Below are the records; give again exactly the lines from the one containing "Almora (35 km)" through the one containing "應用超音波驅鼠、蟲由來已久,但對鼠蟲逐漸", leaving out pictures.

**Data extract**
◆ ◆ ◆ ◆

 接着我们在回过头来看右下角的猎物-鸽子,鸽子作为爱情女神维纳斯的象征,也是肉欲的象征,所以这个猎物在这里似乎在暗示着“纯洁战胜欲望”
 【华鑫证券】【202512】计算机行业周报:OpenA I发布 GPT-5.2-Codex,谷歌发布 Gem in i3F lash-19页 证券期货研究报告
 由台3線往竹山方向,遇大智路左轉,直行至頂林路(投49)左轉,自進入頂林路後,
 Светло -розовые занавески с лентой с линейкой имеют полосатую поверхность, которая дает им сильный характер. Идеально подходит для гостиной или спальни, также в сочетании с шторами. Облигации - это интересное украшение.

◆ ◆ ◆ ◆

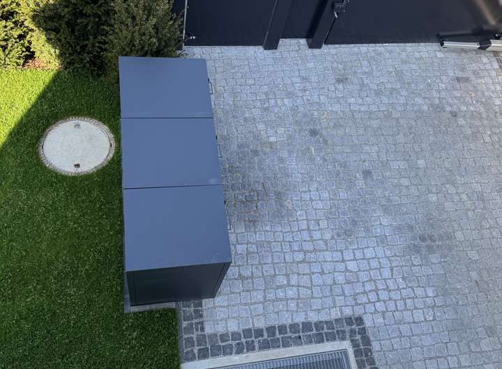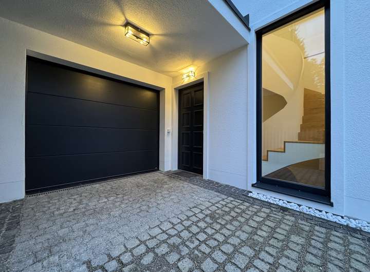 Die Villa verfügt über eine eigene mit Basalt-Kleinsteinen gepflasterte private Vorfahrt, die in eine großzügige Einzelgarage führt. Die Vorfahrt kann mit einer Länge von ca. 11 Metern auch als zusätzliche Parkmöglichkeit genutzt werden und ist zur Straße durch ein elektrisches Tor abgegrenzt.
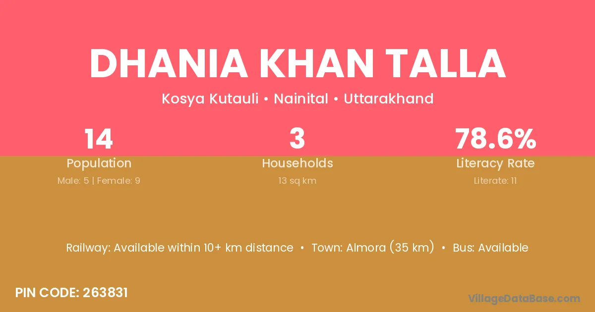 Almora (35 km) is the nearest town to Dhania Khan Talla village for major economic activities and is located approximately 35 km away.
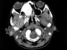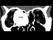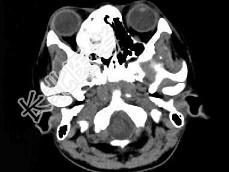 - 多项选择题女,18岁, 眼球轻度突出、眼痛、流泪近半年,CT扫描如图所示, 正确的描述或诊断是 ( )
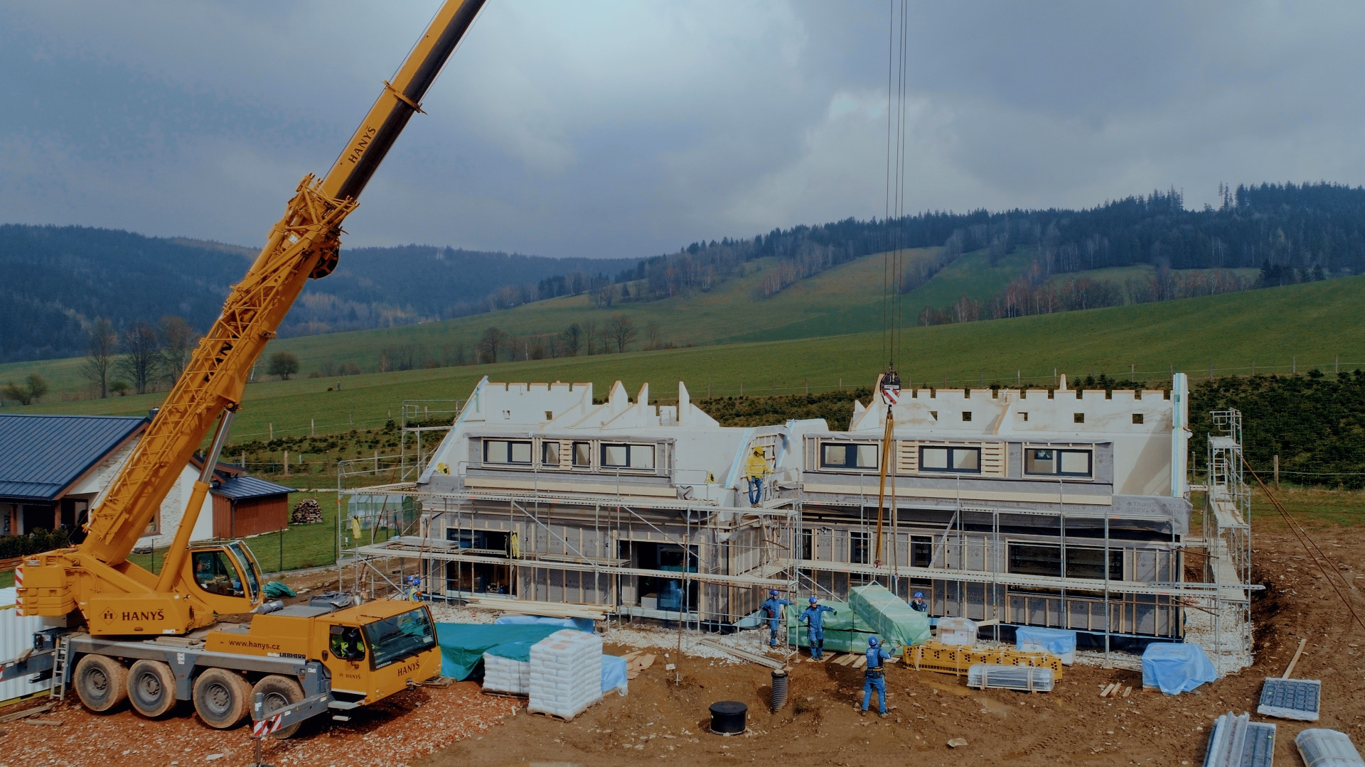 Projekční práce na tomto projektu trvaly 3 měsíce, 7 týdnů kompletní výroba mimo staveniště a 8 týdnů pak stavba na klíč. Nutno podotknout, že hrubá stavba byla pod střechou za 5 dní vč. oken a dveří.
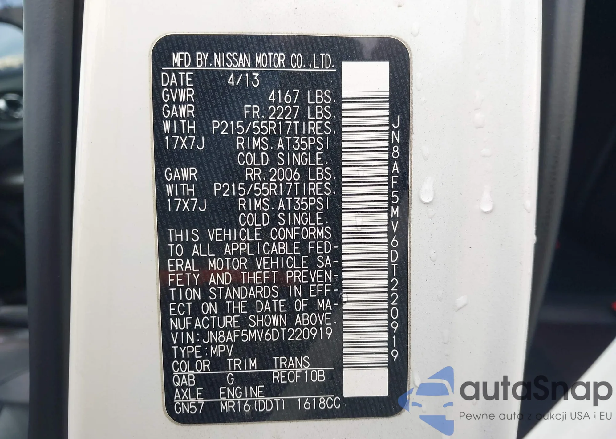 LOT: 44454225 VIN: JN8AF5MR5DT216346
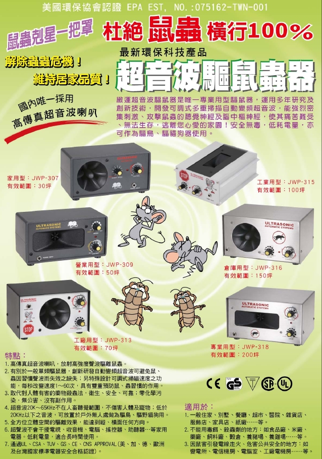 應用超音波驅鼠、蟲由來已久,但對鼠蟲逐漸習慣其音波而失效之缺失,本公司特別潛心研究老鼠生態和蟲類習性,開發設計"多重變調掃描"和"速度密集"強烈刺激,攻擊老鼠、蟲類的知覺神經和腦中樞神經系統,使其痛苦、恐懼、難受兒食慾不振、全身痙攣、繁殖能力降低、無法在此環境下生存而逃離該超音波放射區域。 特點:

◆ ◆ ◆ ◆

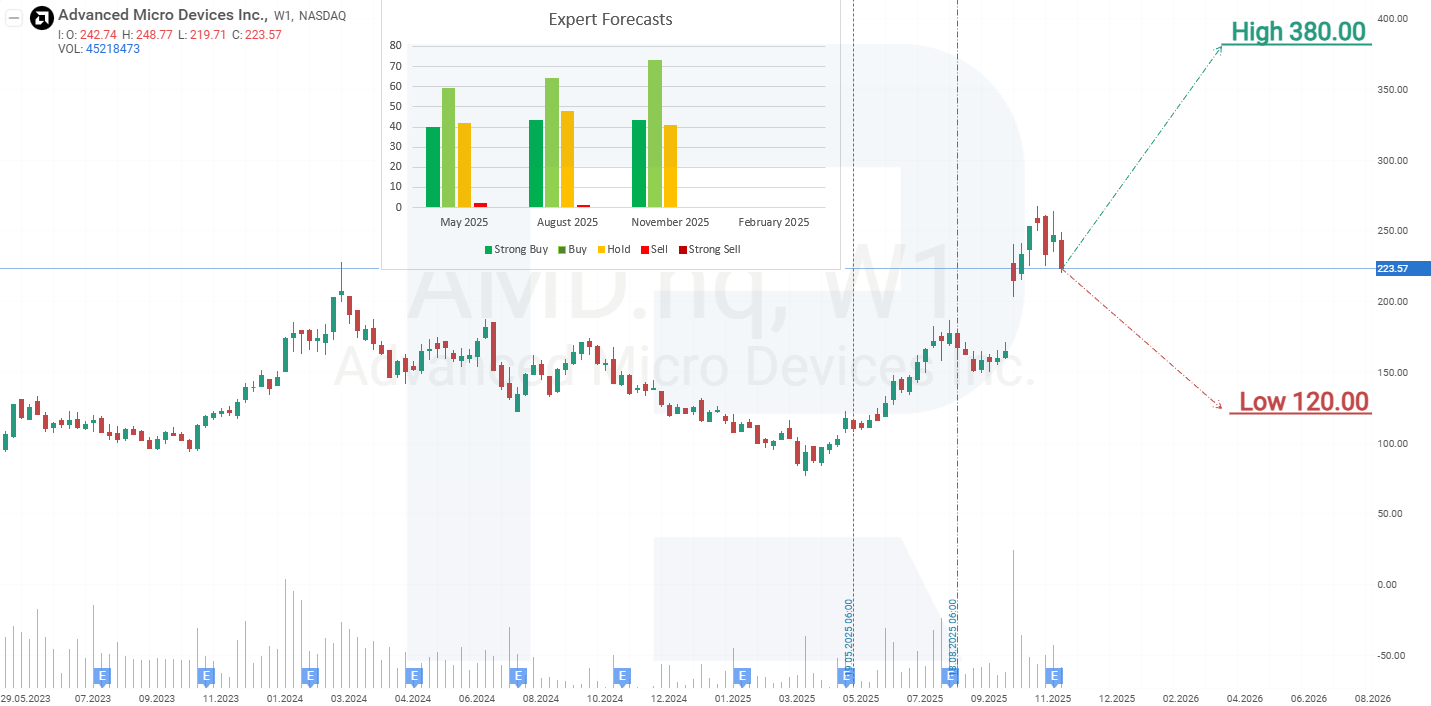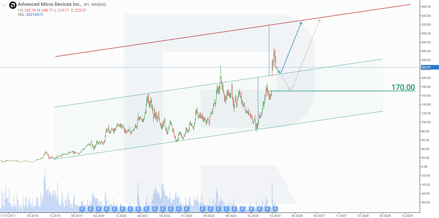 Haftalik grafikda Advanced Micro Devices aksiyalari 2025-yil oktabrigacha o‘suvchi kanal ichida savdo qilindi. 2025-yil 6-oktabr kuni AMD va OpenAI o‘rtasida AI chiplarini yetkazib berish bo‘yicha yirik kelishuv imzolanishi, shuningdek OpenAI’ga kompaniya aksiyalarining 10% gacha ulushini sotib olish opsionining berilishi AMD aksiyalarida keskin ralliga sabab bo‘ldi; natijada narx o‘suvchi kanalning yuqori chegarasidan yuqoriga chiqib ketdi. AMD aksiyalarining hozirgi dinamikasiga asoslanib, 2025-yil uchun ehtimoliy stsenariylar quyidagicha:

◆ ◆ ◆ ◆

**Solution to the exercise**
 Almora (35 km) is the nearest town to Dhania Khan Talla village for major economic activities and is located approximately 35 km away.
 - 多项选择题女,18岁, 眼球轻度突出、眼痛、流泪近半年,CT扫描如图所示, 正确的描述或诊断是 ( )
 Projekční práce na tomto projektu trvaly 3 měsíce, 7 týdnů kompletní výroba mimo staveniště a 8 týdnů pak stavba na klíč. Nutno podotknout, že hrubá stavba byla pod střechou za 5 dní vč. oken a dveří.
 LOT: 44454225 VIN: JN8AF5MR5DT216346
 應用超音波驅鼠、蟲由來已久,但對鼠蟲逐漸習慣其音波而失效之缺失,本公司特別潛心研究老鼠生態和蟲類習性,開發設計"多重變調掃描"和"速度密集"強烈刺激,攻擊老鼠、蟲類的知覺神經和腦中樞神經系統,使其痛苦、恐懼、難受兒食慾不振、全身痙攣、繁殖能力降低、無法在此環境下生存而逃離該超音波放射區域。 特點:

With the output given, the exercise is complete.